20 Flight of the Phoenix - con Yim, Nicole, AfricaDan
1 18 45 Da secondo arrampicata in lead da Nicole

Great lead by Nicole who chose to do the route direct rather than the intricate traverse.

This path still felt around 18, had decent protection, and probably less rope drag.

2 20 30 Trad arrampicata in lead da Robert Hartley

Rather than "delicately stepping L on slab when possible" I went directly up a pair of shallow, flaring cracks slightly to the right. A full length stem and a very tenuous rock over saw me through. Turns out Yim went the same way; we both agreed it felt around 20.

The finger crack above these moves was awesome! Great gear and great locks. Mellowed quickly into easy ground.

Reached the top of this pitch around 1130. Yim was maybe 1/3 of the way through the money pitch at this point.

Nicole arrived just prior to our agreed turn-around time of 1200. Onward!

3 Trad arrampicata in lead da Robert Hartley

Added a sling and maillon to the ever growing pile of tat and began the descent.

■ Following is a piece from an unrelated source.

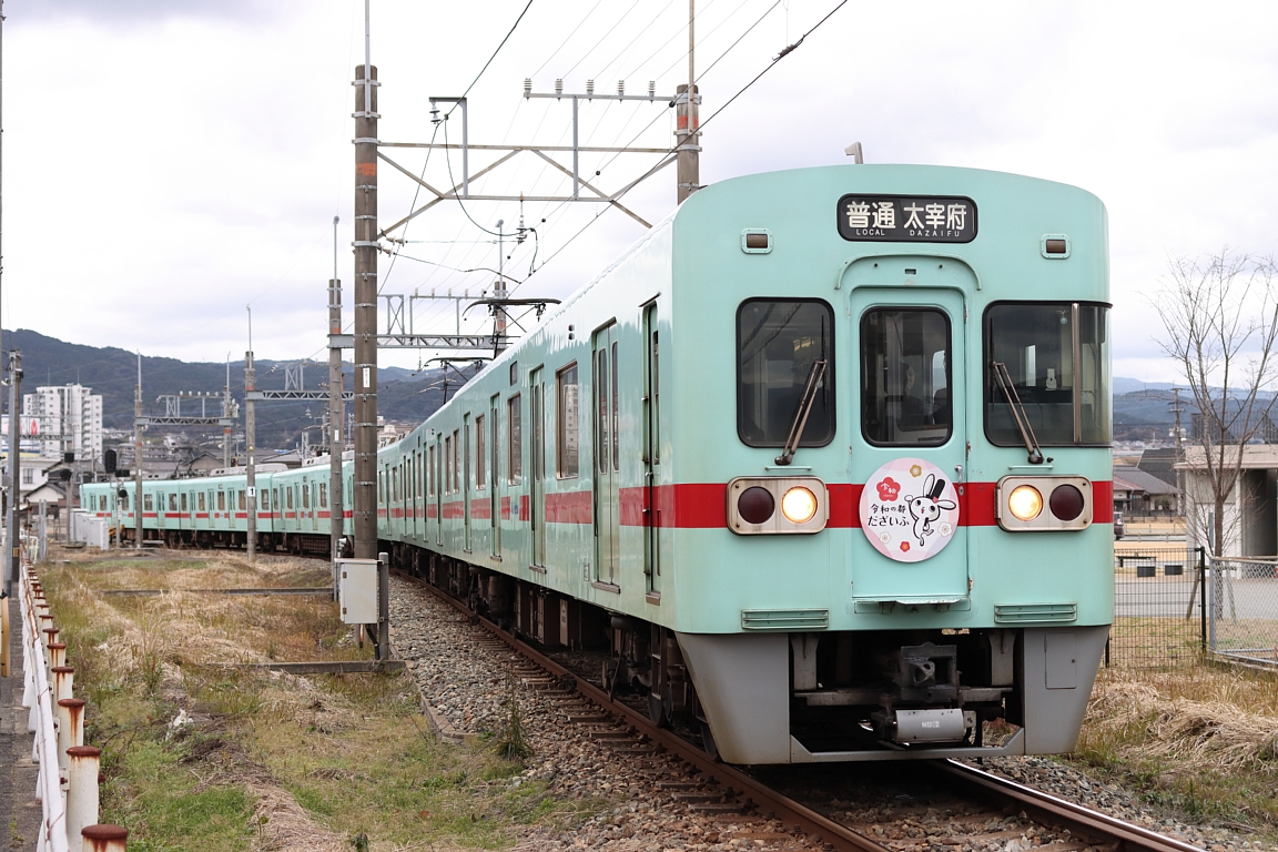 5000形の居なかった太宰府線 2026-1-1~2026-1-3 西鉄5000形 X Facebook はてブ LINE 2026.01.21 2026年の年始は例年通り太宰府線等の撮影に出かけました。 太宰府線へは1月1日と3日に出かけましたが、今年は5000形と出会えませんでした。昨年は線内往復している運用には入っていましたが…。 9000形、7000形+6000形、6000形が走っていました。 線内往復していた9000形は飲酒運転撲滅ヘッドマークがついていました。 1月2日は天神大牟田線の撮影をしましたが、こちらでは5000形を見ることができました。 年々5000形は減っていくのでしょうが、今年も記録に残さねばと思いました。

I arrived at the base of the abseil just as Dan took off at about 1230 and got straight to work on an anchor. The gear took some fiddling, but wasn't too bad. We decided to keep one rope as part of the system until there was decent gear in pitch 4.

Rope management went surprisingly smoothly and I managed to depart right around 1300.

4 14 50 Trad arrampicata in lead da Robert Hartley

The money pitch indeed!

In such an incredible position it's hard not to feel as though every move was pure class! Eagles circling round overhead only added to the atmosphere. Perhaps the most spectacular 50m of climbing I've done, so far!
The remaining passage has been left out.